Tonight, in an apartment on the outskirts of Moscow, Anatoly Scharansky's family gathered for the phone call from Israel they have been waiting for since 1973.
The call from Scharansky and his wife Avital was to be their proof that, after 12 years, nine spent in prison or camps, his ordeal had come to an end.
His mother, Ida Milgrom, a tiny, 77-year-old economist, already had greeted the news of her son's release with an uncharacteristic outburst of emotion.
As he crossed the Glienicke Bridge in Berlin, she was in a friend's apartment, surrounded by reporters and cameras. When the news was phoned in by a western correspondent, she burst into uncontrollable sobs.
To the reporters present, she said through her tears, "Anatoly is free. Lord God above, Anatoly is free. Before I used to only read it on the appeals -- 'Free Anatoly Scharansky.' Now I am at peace; he will be in his own country with his wife."
As the day wore on and Scharansky made his way across West Germany and on to Tel Aviv, his brother Leonid, 39, was left feeling dazed.
"I don't feel relief," he said in an interview in the early evening. "Maybe because I have been struggling for so long, like a boxer in the ring. I am happy, but I don't feel that it has ended, because it has gone on for such a long time."
Leonid Scharansky had just been to Moscow's central telephone exchange to send two telegrams on behalf of his mother, one to President Reagan and one to Soviet leader Mikhail Gorbachev, thanking them for their "good will and efforts in freeing my son."
He said he sent one to Gorbachev because the new Communist Party general secretary had not been in power when the Scharansky case began. "He is not responsible for what happened to my brother," said Leonid. "If it had been the others -- Brezhnev, Andropov -- then we would not have sent it." He was referring to former presidents Leonid Brezhnev and Yuri Andropov.
The day of the exchange at Glienicke Bridge in Berlin began here with high hopes. But the hopes were tinged with the familiar dread that despite all the official confirmations, everything could fall through at the last moment.
Now that Anatoly, 38, has joined his wife in Israel, the Scharansky family has a new set of worries.
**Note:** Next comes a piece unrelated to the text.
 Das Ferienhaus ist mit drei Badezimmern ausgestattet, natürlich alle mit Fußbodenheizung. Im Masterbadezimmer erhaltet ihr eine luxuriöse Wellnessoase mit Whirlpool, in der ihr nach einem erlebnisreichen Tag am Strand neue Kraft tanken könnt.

Milgrom and her son Leonid will go to the Supreme Soviet Wednesday to make a formal application to join Anatoly in emigration.
A report carried in the West German newspaper Bild this week had said that the deal to free Scharansky also involved permission for his mother to emigrate. But according to Leonid, the family will only leave the Soviet Union if all its members -- including his own wife and two sons, aged 14 years and 8 months -- can leave together.
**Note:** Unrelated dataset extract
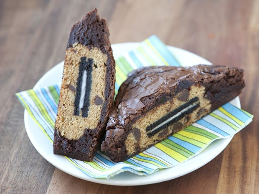 Shape about 1 tablespoon cookie dough around each cookie; arrange in 3 rows by 3 rows in pan. Cover dough-wrapped cookies with remaining brownie batter.

"I shall apply," he said, "but I am not sure they will let me out. It took my brother more than 12 years to get out."
How Anatoly Scharansky came to be a Soviet dissident, jailed on charges of treason and freed in exchange for Communist agents, is a story that tracks the history of twin movements here, one involving human rights and the other Jewish emigration.
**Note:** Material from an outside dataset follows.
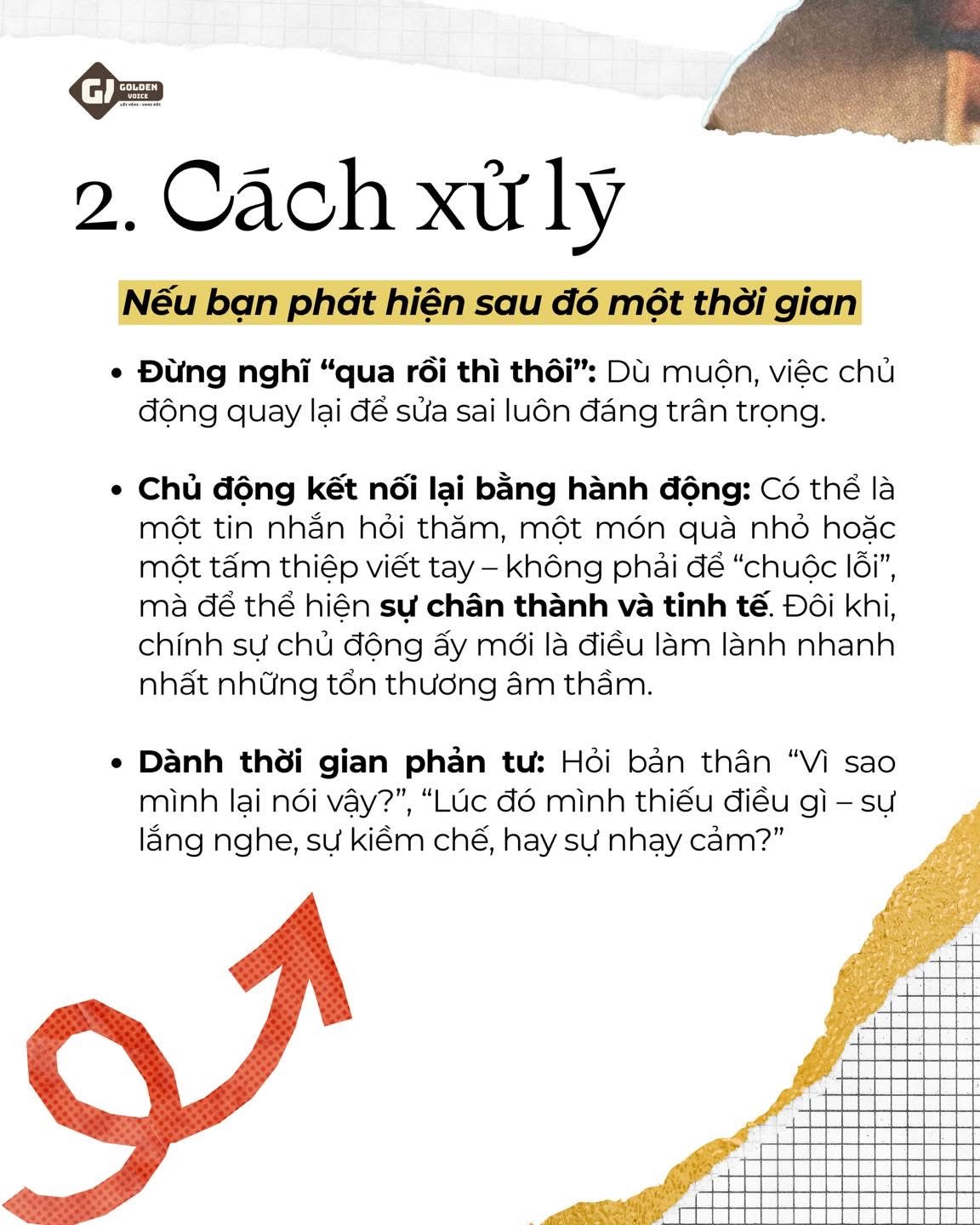 Lời nói có thể làm tổn thương – nhưng cũng có thể hàn gắn. Điều phân biệt một người vô tâm với một người trưởng thành không nằm ở việc không bao giờ lỡ lời, mà là biết dừng lại, nhận lỗi và học cách sửa chữa. Hãy biến nó thành một bước tiến trong hành trình trưởng thành.

In 1973, Scharansky -- a bright young mathematician and chess master with a job programming computers -- was a "refusednik," as persons denied permission to emigrate to Israel are called. He was denied again in 1974, after trying to join his wife, whose visa had been issued one day after their wedding.
The refusals put him in touch with the world of Jewish activists and fellow refusedniks. From there, Scharansky gradually joined ranks with activists involved in broader human rights efforts: he eventually became a member of the group formed to monitor the 1975 Helsinki accords on East-West cooperation in Europe.
A fluent English-speaker with an irreverent and engaging style, Scharansky soon became spokesman and interpreter for various Soviet dissidents, including Nobel Peace Prize-winner Andrei Sakharov.
In that capacity, he became well known among western correspondents and diplomats. In March 1977, those connections provided the backdrop for an attack on Scharansky in the Soviet press, followed in less than two weeks by his arrest on charges of espionage and treason.
Scharansky's trial in 1978 was considered a turning point in the crackdown on the fragile dissident movement. The seriousness of the alleged crime and the length of the sentence -- 13 years -- served as warning signals to all activists. A vigorous press campaign, equating Jewish activism with treason, only underscored the point.
But the notoriety of the Scharansky case cut both ways: While the Soviet press was making its point, western groups took up the cause, making Scharansky one of the most prominent names in the list of Soviet human rights cases.
The activities of his wife Avital abroad and of his mother and brother here helped to keep the case in the public eye. Scharansky went on a 110-day hunger strike in 1980 to protest interception of his correspondence.
He originally was meant to serve three years in prison and 10 years in camp, but the prison sentence was lengthened after he was accused of being a bad prisoner.
While Scharansky was imprisoned, his father -- a Communist Party member who had worked as a journalist in the coal fields of the Ukraine -- died. His mother and brother saw him six times in nine years, four times for two hours each.
Now Leonid Scharansky is left to wonder when he will see his brother again. "I hope," he said today. "We are used to hoping."